Earnings power value (EPV)
This is another enterprise-based valuation which gives you an estimate of how much a company’s shares might be worth if its current trading profits stay the same forever. If you can buy a share with stable or growing profits for less than its EPV then you might have unearthed a bargain.
EPV is a more advanced valuation technique which I explain in a separate article here.
Greene King looks as if it might be undervalued on this basis but it will not be if trading profits start to fall or debt levels grow faster than profits.
City analysts are currently expecting Greene King to broadly maintain its trading profits (EBIT).
You should not expect to buy the shares of high quality, fast growing companies for less than their EPV. The stock market rightly prices in the expectation of growth into the shares.
However, EPV can still be very useful as it allows you to understand a share price better by estimating how much of it is explained by current profits and how much by future profits growth.
I do this by comparing the share price with the EPV per share. Generally speaking, if I am looking to invest in high quality growth business, I might look to pay no more than twice its EPV – a P/EPV of 2 or less – to stop me from paying too much. This means that up to half the company’s share price is explained by the expectations of future growth.
You can see from the table below that there is a lot of pessimism baked into some pub company share prices at the moment. JD Wetherspoon and Fullers have the most optimism on this measure.
Revolution Bars is currently the subject of a 203p per share takeover bid. Could that bid be a little bit mean as it could be argued that the bidder is getting future profits growth for almost nothing?
This approach is used a lot by professional investors in order to get a more detailed and accurate valuation of a company. An EV is calculated for each separate business and various adjustments are made to get a value per share.
SOP is often referred to as a ‘break up’ valuation which estimates what a company would be worth if it was bought and its businesses were sold off separately.

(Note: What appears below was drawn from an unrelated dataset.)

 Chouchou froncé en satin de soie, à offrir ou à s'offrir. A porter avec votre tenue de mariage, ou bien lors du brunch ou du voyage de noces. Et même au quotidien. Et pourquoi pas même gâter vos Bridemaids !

These valuations can be quite involved and are best suited to someone who has some degree of industry knowledge. As with any absolute valuation it is only as good or credible as the assumptions behind it. A good SOP can take a lot of work.

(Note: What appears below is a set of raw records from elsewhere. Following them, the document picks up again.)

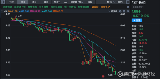 12月16日,绩差问题股领跌,23家主板ST股跌停。其中,*ST正平(603843)连续10个交易日跌停,*ST返利(600228)录得九连板跌停。*ST长药(300391)收盘下跌9.19%,最新收盘价1.68元/股,创下历史新低,最新A股市值已不到6亿元,公司今年前三季度净利润亏损2.1亿元。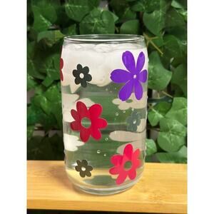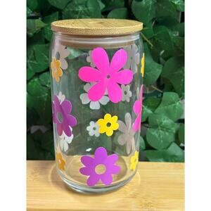 Pink and Yellow Flower Color Changing Glass Can with Bamboo Lid and Glass Straw 16oz Summer, Gift Ideas, Keepsakes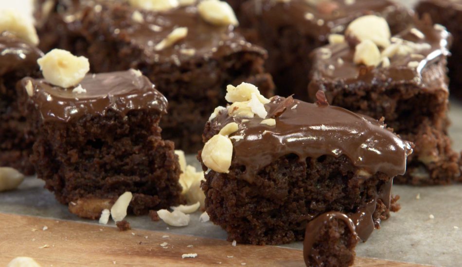 - Smeer de ganache over de brownies en garneer met de hazelnoten.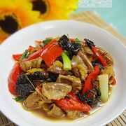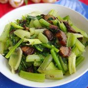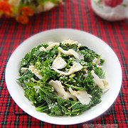 羽衣甘蓝、蘑菇、山胡椒油、芝麻、蒜瓣、麻油、醋、盐、鸡精。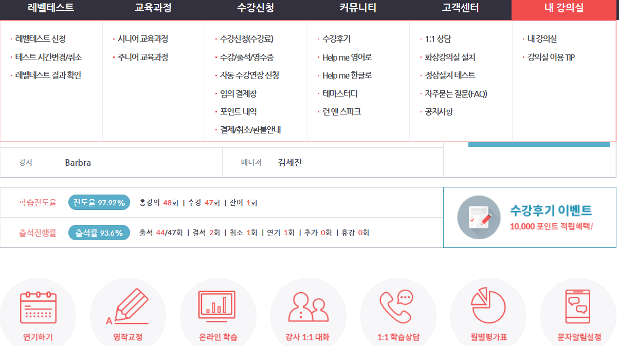 이제는 이티폰 영어와 함께한지 어언 1년이 넘어 2년을 향해 갑니다.처음엔 긴가민가하며 전화영어를 시작했었는데,지금은 왜 예전부터 시작하진 않았나 하는 후회가 듭니다.현재는 직...
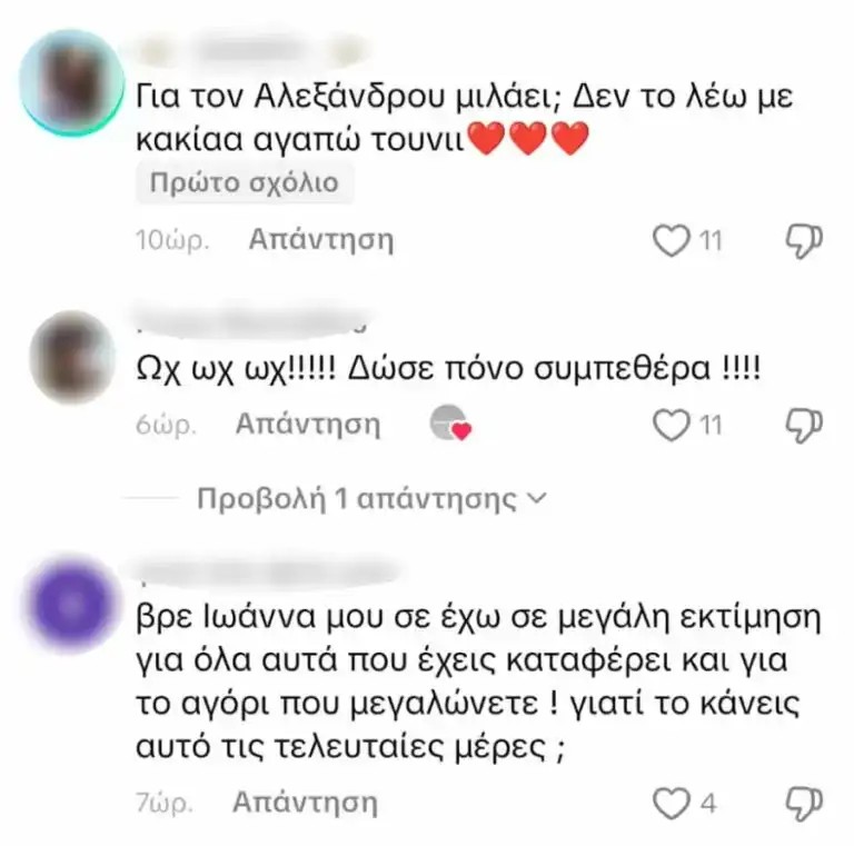 «Βρε Ιωάννα μου σε έχω σε μεγάλη εκτίμηση για όλα αυτά που έχεις καταφέρει και για το αγόρι που μεγαλώνετε! Γιατί το κάνεις αυτό τις τελευταίες μέρες;» έγραψε διαδικτυακή φίλη της 32χρονης, που προφανώς ήταν πεπεισμένη πως η αναφορά της Ιωάννας Τούνη γινόταν για τον Δημήτρη Αλεξάνδρου.

|Asset (£m)||EBIT||Cost adj||Adj EBIT||Multiple||EV||Comment|
|Pub Company||308.1||-16.7||291.4||11.8||3,438.50||RBG t/o|
|Pub Partners||92.8||-1.85||90.95||9.9||900.4||Punch Taverns t/o|
|Brewing||31||-1.85||29.2||11||320.7||Charles Wells t/o|
|Deferred tax asset||63.1|
|Value per share (p)||735|
The first thing I’ve done here is to adjust the most recent trading profits by allocating central costs of £20.4m to each division based on their proportion of turnover. I’ve then valued each division by applying an EV/EBIT multiple from a recent or ongoing takeover transaction in the appropriate sector to get an estimate of market value.
On this basis, I can value Greene King shares at 735p each and therefore raise the question whether its shares might be undervalued.
This article is for educational purposes only. It is not a recommendation to buy or sell shares or other investments. Do your own research before buying or selling any investment or seek professional financial advice.